The Houston Zoo is mourning the death of 11-year-old cougar Shasta. For nine months, the Zoo’s veterinary team has been treating him for a progressive spinal disease which has rapidly deteriorated over the past few days. Over the course of treatment, Shasta was also found to have declining kidney function, which is common in older felines. The animal care and health teams made a comprehensive assessment of his overall wellbeing and made the difficult decision to euthanize him on Thursday when it became clear that he would not recover.
“Shasta has been a cherished member of our Zoo family and an icon for the University of Houston for over a decade. We are all deeply saddened by this loss,” said Kevin Hodge, vice president of animal programs at the Houston Zoo. “We are committed to ensuring the animals in our care experience the highest quality of life. That includes their day-to-day care as well as end-of-life decisions. With world-class animal keepers, incredible veterinarians, and a complete veterinary clinic, our animals receive the best possible care right up to their last days.”
Shasta would sometimes be seen at the top of the habitat where he had a penthouse view of other species and seemed to enjoy looking at the elephants from this vantage point. Shasta was loved by keepers, staff, and guests alike and he was best known for stalking keepers when they would walk past his exhibit or being the center of attention for his adoring fan base. His keepers will remember him as a simple, sweet, and funny cougar that never failed to put a smile on people’s faces. Shasta loved the attention University of Houston fans would give him and certainly appreciated the extravagant birthday parties with his favorite foods. He will undoubtedly be thought of fondly by the University of Houston students, faculty, and alumni for diligently guarding the rings for each graduating class.

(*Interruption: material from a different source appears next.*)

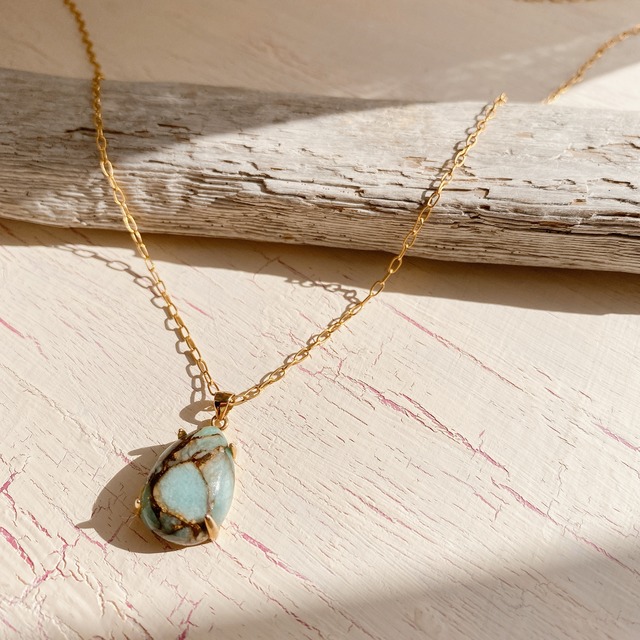 コッパーアマゾナイトネックレス(14KGF) "Florence"(フローレンス) ◆14KGFチェーン ◆ペンダント素材Silver925(18KGP加工) ◆コッパーアマゾナイト(石言葉:希望) ◆約50cm アマゾナイトはホープストーンと呼ばれる石です✨コッパー(銅)で金継ぎのように加工されたアマゾナイトがおしゃれなネックレス。ロングチェーンで、厚手の服の上からでも着けられます◎ ◎送料は無料です。ゆうパケットポストにて発送いたします。 ◎ハンドメイド作品のため、衝撃に弱いです。破損など怪我の原因となりますので、ご使用の際は強い力をかけないようご注意くださいませ。 ◎天然素材を使用しているため、模様や形が異なる場合がございます。

Shasta came to the Houston Zoo in December 2011 after a hunter illegally shot and killed his mother in Washington state. As a five-week-old cub, Shasta had little chance of survival in the wild.

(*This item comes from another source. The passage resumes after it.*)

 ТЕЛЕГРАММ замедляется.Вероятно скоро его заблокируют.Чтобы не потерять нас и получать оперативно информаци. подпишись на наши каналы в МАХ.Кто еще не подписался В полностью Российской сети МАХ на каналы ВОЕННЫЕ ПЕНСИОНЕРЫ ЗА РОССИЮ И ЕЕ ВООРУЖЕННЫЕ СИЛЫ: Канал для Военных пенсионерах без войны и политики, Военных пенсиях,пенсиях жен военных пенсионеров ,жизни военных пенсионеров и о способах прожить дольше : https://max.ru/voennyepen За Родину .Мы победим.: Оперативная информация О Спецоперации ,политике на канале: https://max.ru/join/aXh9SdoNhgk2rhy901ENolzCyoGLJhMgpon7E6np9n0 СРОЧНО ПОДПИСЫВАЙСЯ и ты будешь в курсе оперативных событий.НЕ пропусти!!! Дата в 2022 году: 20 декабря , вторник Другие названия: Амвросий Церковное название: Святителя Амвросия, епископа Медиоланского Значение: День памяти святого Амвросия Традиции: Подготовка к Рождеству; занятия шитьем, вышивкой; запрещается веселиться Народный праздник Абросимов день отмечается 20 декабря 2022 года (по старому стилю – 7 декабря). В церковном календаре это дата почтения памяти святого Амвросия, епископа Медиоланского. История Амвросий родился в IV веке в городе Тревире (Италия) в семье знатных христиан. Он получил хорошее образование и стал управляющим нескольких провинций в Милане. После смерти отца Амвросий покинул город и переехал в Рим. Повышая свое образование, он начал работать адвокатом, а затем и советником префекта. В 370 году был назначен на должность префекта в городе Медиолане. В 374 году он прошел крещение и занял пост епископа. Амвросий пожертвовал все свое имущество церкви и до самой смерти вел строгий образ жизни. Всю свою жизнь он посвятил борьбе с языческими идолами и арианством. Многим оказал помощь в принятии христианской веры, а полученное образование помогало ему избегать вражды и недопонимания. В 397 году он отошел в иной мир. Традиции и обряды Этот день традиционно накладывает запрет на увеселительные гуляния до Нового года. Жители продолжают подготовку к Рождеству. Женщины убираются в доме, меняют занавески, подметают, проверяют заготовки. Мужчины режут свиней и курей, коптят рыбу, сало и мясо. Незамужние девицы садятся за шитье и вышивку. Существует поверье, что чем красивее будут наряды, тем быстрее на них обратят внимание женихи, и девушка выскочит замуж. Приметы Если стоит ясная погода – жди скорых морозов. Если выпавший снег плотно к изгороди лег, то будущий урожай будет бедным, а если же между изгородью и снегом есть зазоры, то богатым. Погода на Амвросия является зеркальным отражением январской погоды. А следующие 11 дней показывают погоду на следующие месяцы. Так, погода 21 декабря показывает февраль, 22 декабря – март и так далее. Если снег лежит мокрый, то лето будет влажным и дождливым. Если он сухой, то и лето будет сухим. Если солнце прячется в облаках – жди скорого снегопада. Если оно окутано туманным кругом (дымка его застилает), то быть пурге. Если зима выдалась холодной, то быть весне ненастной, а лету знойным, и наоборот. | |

Thankfully, Washington State Fish & Wildlife agents were able to locate and rescue Shasta. When he arrived at the Houston Zoo, a partnership was formed between the University of Houston and the Zoo to designate Shasta as the official mascot of UH. Shasta lived a healthy and active life at the Zoo alongside Haley, the Zoo’s female cougar.
Shasta was an ambassador for his counterparts in the wild while faithfully representing the spirit of the University of Houston.